■ Data records:
★ ★ ★ ★ ★ ★ ★

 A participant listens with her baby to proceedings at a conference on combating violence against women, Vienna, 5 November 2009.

★ ★ ★ ★ ★ ★ ★

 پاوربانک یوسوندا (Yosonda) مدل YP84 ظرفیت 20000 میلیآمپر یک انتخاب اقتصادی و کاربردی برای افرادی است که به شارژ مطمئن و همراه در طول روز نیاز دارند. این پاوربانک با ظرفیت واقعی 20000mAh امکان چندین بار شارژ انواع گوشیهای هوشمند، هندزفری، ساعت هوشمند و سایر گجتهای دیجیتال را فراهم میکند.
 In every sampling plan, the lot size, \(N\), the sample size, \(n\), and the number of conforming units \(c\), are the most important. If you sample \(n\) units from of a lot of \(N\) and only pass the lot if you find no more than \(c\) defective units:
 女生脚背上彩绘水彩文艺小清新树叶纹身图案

★ ★ ★ ★ ★ ★ ★

■ Your goal: Using the data above, reproduce exactly the lines between those holding "پاوربانک یوسوندا (Yosonda)" and "女生脚背上彩绘水彩文艺小清新树叶纹身图案", inclusive, and no others.

■ Answer below:
 پاوربانک یوسوندا (Yosonda) مدل YP84 ظرفیت 20000 میلیآمپر یک انتخاب اقتصادی و کاربردی برای افرادی است که به شارژ مطمئن و همراه در طول روز نیاز دارند. این پاوربانک با ظرفیت واقعی 20000mAh امکان چندین بار شارژ انواع گوشیهای هوشمند، هندزفری، ساعت هوشمند و سایر گجتهای دیجیتال را فراهم میکند.
 In every sampling plan, the lot size, \(N\), the sample size, \(n\), and the number of conforming units \(c\), are the most important. If you sample \(n\) units from of a lot of \(N\) and only pass the lot if you find no more than \(c\) defective units:
 女生脚背上彩绘水彩文艺小清新树叶纹身图案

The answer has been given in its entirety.